Conclusion: Why Choose Crème au Caramel?
Why does a simple French custard continue to charm dessert lovers around the world?
Because Crème au Caramel is the perfect balance of rustic comfort and refined elegance. It brings together contrasting textures — a silky, delicate cream and a thin veil of bittersweet caramel — in a dessert that’s as satisfying to eat as it is beautiful to present.
Is it difficult to make?
Not at all. With just a few careful steps and a little patience, this dessert becomes surprisingly approachable, even for beginners. The use of everyday ingredients, combined with a traditional French technique, makes it an ideal introduction to the world of classic pâtisserie.

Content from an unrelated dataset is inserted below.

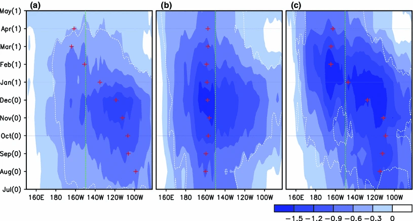 From the same paper, above is the typical SST departures with time in East Pacific, Central Pacific, and hybrid La Nina events. The key difference between eastern and central events is that in eastern events, the cooling originates near South America and propagates west, while in central events the cooling is centered near 150W. Central events also tend to be stronger, though there are exceptions both ways.
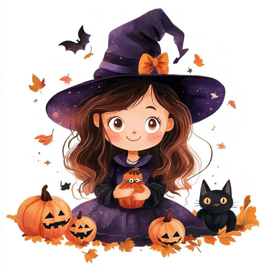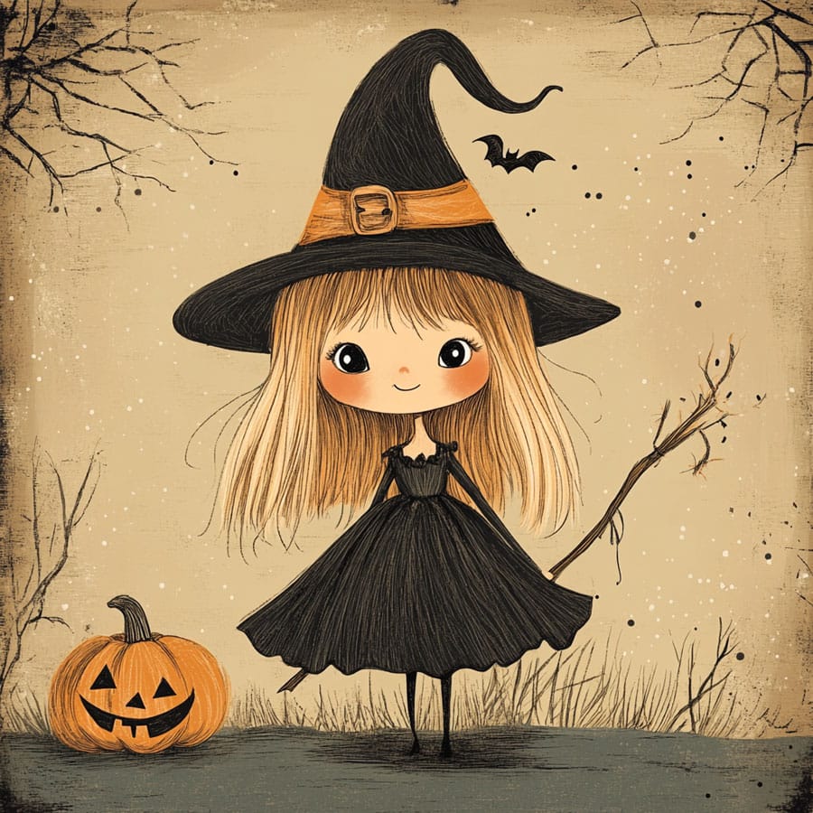 •Witch Hats: Traditionally, witch hats are black, but you can be creative. Use dark purple or green tones to make them more interesting. You can even add shiny details with metallic pencils or glitter on the edges for a magical touch.

Can it be prepared in advance?
Absolutely — in fact, it’s better that way. Crème au Caramel is best served chilled after a long rest in the refrigerator, allowing the caramel to gently melt and enhance the flavor of the custard. It’s the kind of dessert that actually rewards you for making it ahead.
What makes it unforgettable?
Its texture. Its simplicity. And that unmistakable caramel finish that adds just the right touch of complexity. Served after a light meal, as part of a dinner party, or simply as a personal indulgence, Crème au Caramel offers a moment of quiet luxury.
So, will you try it?
If you’re looking for a dessert that’s as timeless as it is satisfying, then yes — this one deserves a place in your kitchen. Master it once, and it will become one of your signature dishes.